## - Interval Bisection

With this method we repeatedly bisect the interval containing the root in order to improve the approximation.

LESSON 1
Given that $$x^3-3x^2=1-x$$ has a root between 2 and 3, find this root to 1 decimal place using the bisection method.
SOLUTION
$x^3-3x^2=1-x$
Rewrite the equation in the form $$f(x)=0$$
$x^3-3x^2+x-1=0$
Let $$f(x)=x^3-3x^2+x-1$$
$f(2)=2^3-3(2)^2+2-1=-3$
$f(3)=3^3-3(3)^2+3-1=2$
• Determine the midpoint of this interval in which the root lies.

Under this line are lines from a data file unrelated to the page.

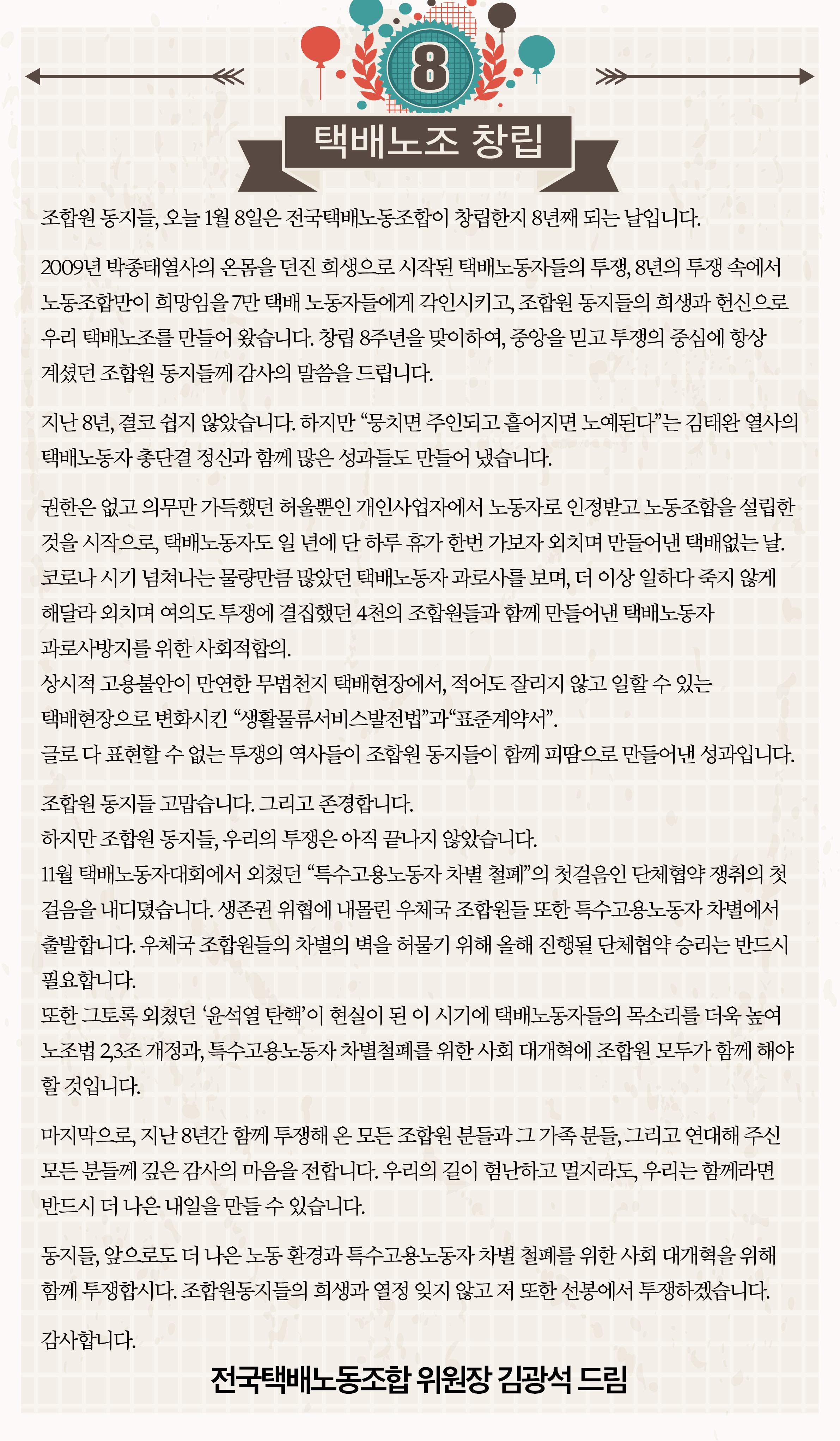 2009년 박종태열사의 온몸을 던진 희생으로 시작된 택배노동자들의 투쟁, 8년의 투쟁 속에서 노동조합만이 희망임을 7만 택배 노동자들에게 각인시키고, 조합원 동지들의 희생과 헌신으로 우리 택배노조를 만들어 왔습니다. 창립 8주년을 맞이하여, 중앙을 믿고 투쟁의 중심에 항상 계셨던 조합원 동지들께 감사의 말씀을 드립니다.
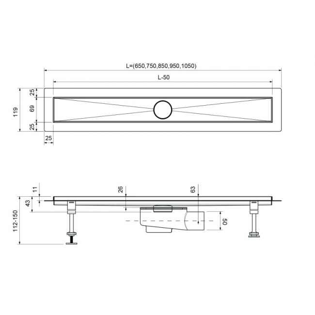 Система водоотведения из нержавеющей стали в комплекте с декоративной вставкой, поворотным сифоном, регулируемыми ножками, дополнен сухим барьером. В цвете "полированная сталь".
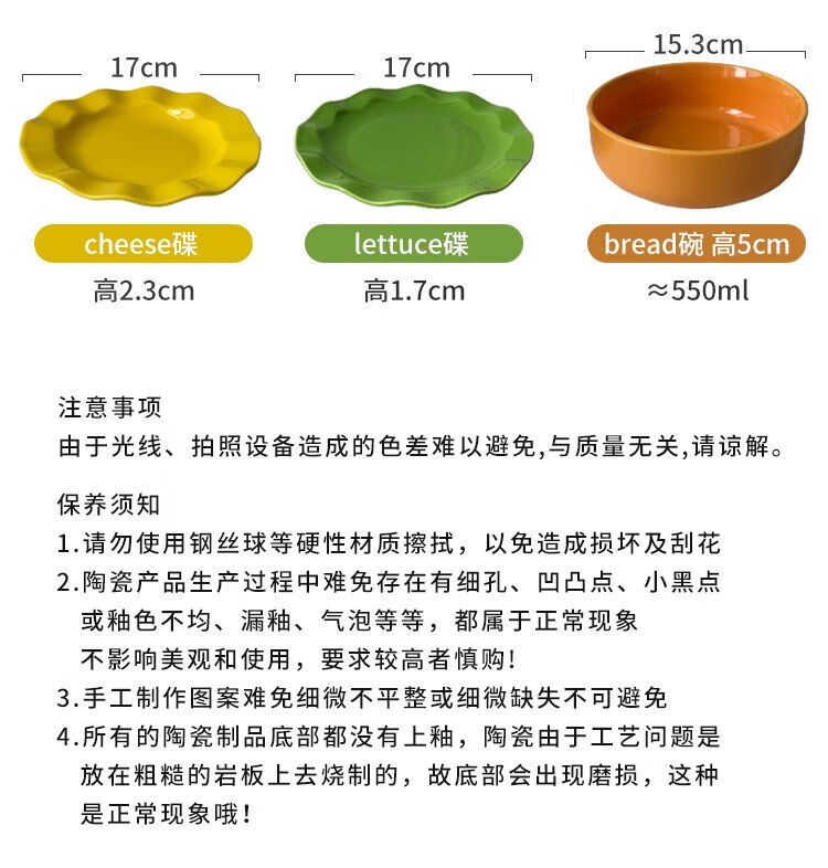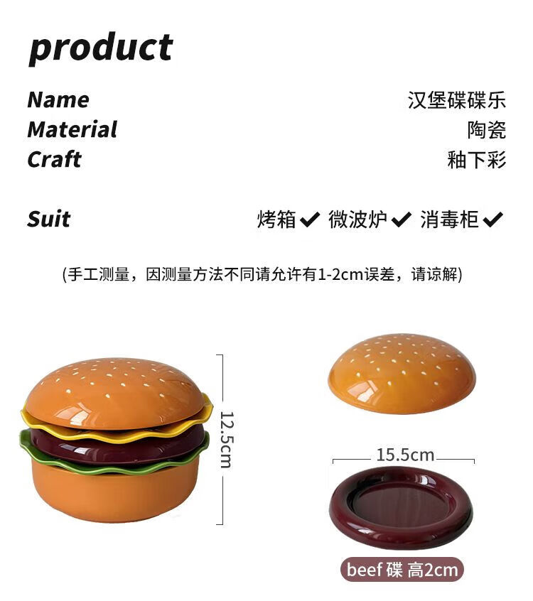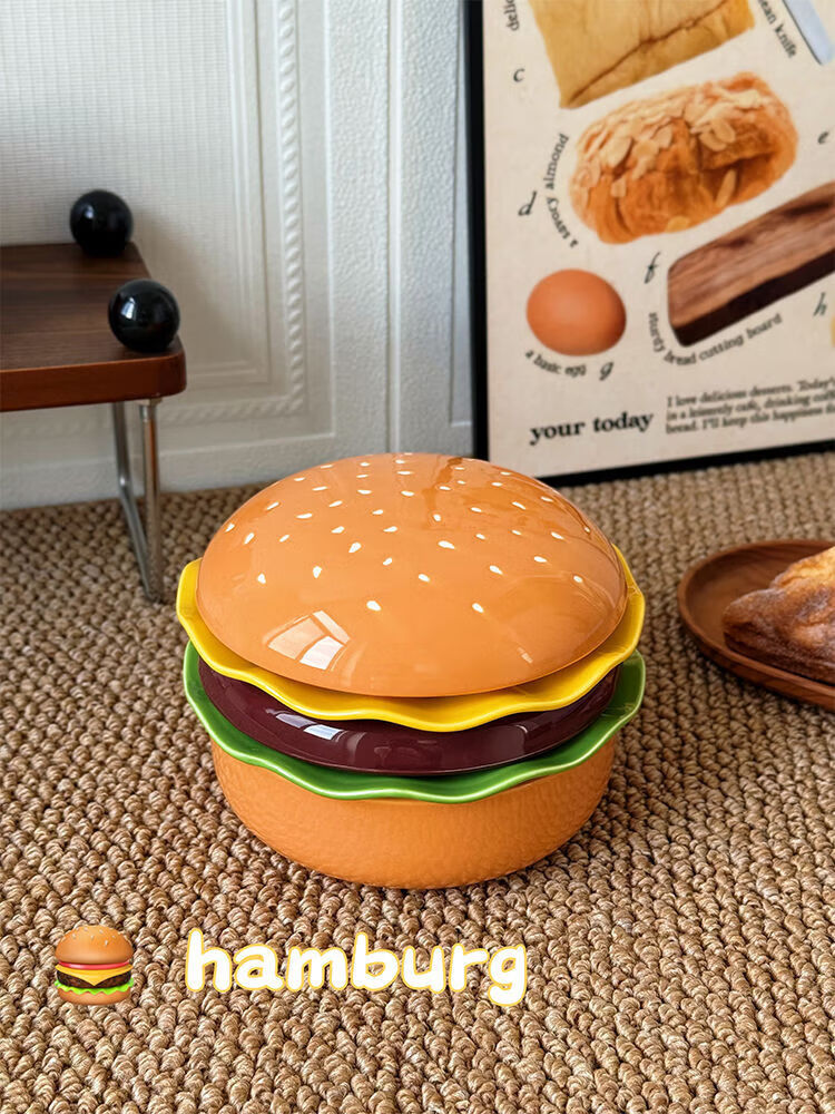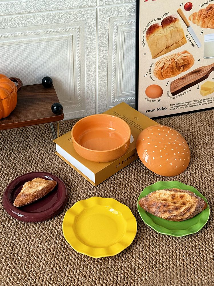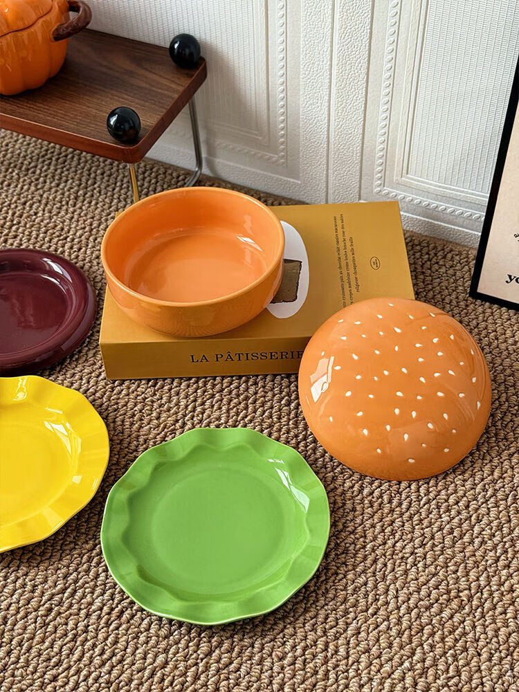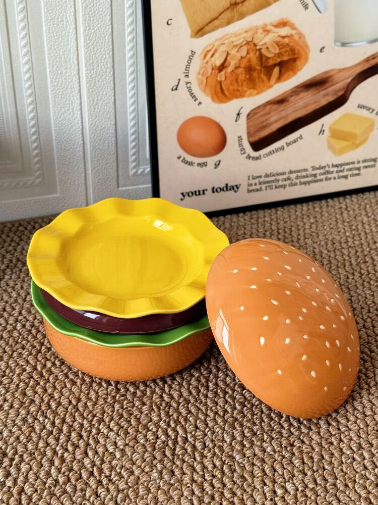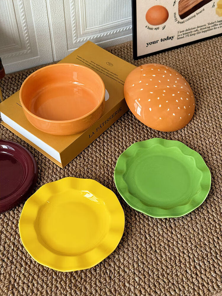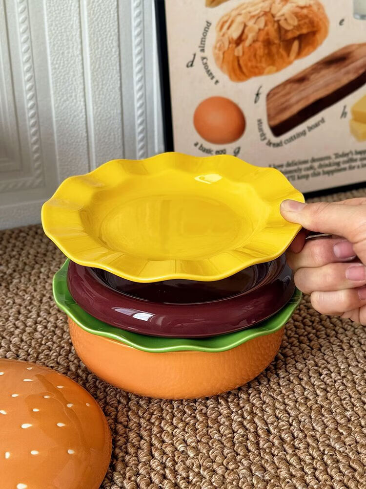 FANCYCHIC burger tableware for one person, ceramic underglaze color, high-value single bowl, creative plate and dish set for one person, burger tableware for one person, five-piece set

Mid – point of interval is 2.5
$f(2.5)=2.5^3-3(2.5)^2+2.5-1=-1.625$
• Since there is a sign change between 2.5 and 3 the root occurs within this interval. We therefore now bisect this interval. Mid – point is 2.75
$f(2.75)=2.75^3-3(2.75)^2+2.75-1$
$=-0.140625$
• Due to sign changes the root must be in the interval 2.75 and 3.
Mid – point is 2.875
$f(2.875)=2.875^3-3(2.875)^2+2.875-1=0.8418$
• Due to sign changes the root is between 2.75 and 2.875
Mid – point is 2.8125
$f(2.8125)=2.8125^3-3(2.8125)^2+2.8125-1=0.33$
Therefore, root lies between 2.75 and 2.8125. When these 2 values are rounded to 1 decimal place the answers are both 2.8. Consequently, the root is approximately 2.8.